What you should do:
There are pictures in the records below; leave them out and set down exactly the lines from the one holding "Рис. 5. Влияние" through the one holding "Residual Excitation Skewness".
Top of Data to use
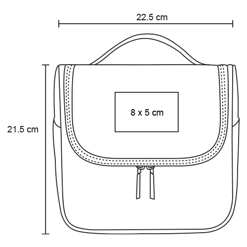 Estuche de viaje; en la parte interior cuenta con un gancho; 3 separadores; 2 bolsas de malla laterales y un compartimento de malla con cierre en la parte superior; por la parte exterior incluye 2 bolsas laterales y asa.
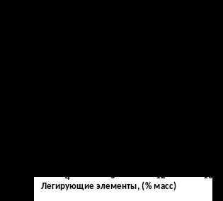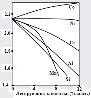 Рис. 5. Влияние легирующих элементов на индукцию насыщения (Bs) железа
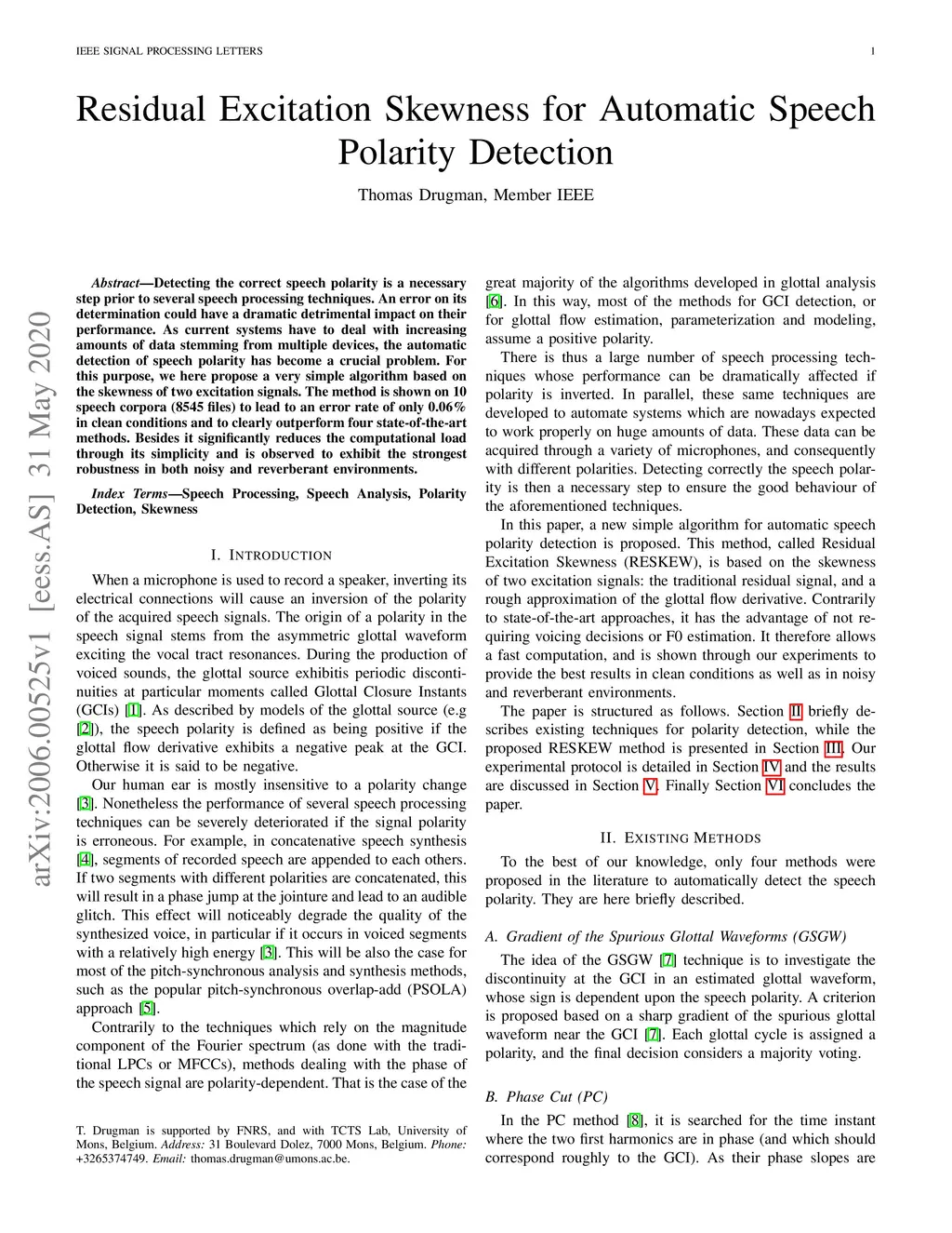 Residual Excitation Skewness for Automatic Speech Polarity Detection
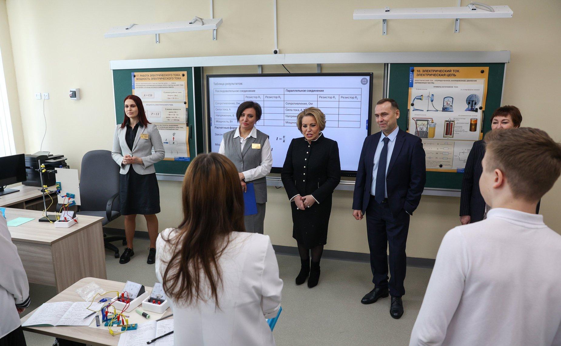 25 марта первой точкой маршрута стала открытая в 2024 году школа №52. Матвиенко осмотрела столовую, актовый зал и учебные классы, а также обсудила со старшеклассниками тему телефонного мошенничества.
Bottom of Data to use
Top of Data to use
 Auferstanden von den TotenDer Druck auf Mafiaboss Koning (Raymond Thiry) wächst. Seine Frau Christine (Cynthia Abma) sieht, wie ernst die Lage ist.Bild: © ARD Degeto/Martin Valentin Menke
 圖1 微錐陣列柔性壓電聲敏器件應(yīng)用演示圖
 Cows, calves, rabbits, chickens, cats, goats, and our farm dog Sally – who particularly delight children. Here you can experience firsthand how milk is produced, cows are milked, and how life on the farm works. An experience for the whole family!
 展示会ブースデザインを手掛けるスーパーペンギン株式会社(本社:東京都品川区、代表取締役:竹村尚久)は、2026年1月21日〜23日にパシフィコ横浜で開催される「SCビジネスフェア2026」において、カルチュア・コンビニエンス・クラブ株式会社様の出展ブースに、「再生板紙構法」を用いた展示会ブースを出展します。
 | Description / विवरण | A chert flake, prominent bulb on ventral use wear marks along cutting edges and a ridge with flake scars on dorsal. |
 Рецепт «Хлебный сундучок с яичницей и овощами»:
Bottom of Data to use
Exercise solution:
 Рис. 5. Влияние легирующих элементов на индукцию насыщения (Bs) железа
 Residual Excitation Skewness for Automatic Speech Polarity Detection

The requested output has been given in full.